## Exercise description
The required answer is an exact copy of the lines from the one containing "Before we started" to the end of the listing, both included, without any pictures.

## Dataset content
....................
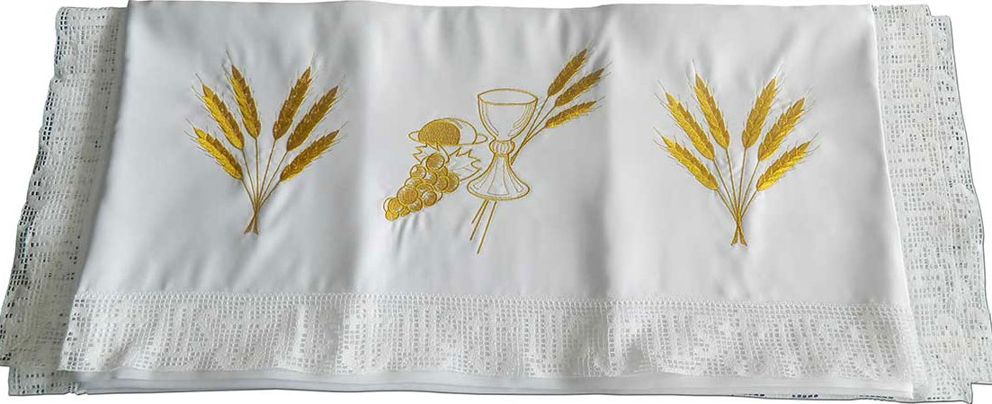 Mantel de altar con cáliz, uvas y espigas bordadas
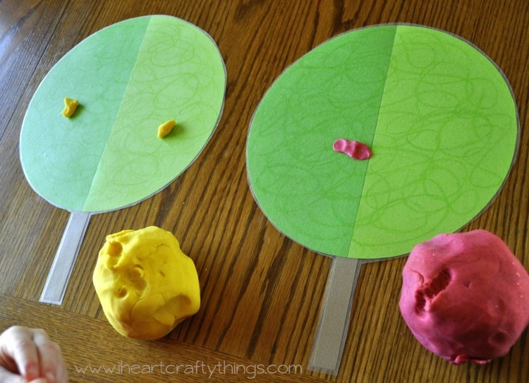 Before we started the activity I made two lemon trees that are reminiscent of the trees in the book. I taped two different shades of green cardstock together, traced a big circle bowl onto the two papers and then cut it out. I also drew squiggly lines all over the trees with a green crayon, just like the trees in the book. After taping a tree trunk on the back of the tree, I laminated them with contact paper so we could use them with the playdough.
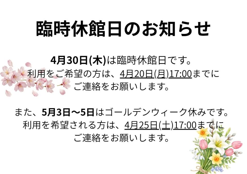 4月・ゴールデンウィーク臨時休館日 | 玄洋公民館
....................
## Expected answer
 Before we started the activity I made two lemon trees that are reminiscent of the trees in the book. I taped two different shades of green cardstock together, traced a big circle bowl onto the two papers and then cut it out. I also drew squiggly lines all over the trees with a green crayon, just like the trees in the book. After taping a tree trunk on the back of the tree, I laminated them with contact paper so we could use them with the playdough.
 4月・ゴールデンウィーク臨時休館日 | 玄洋公民館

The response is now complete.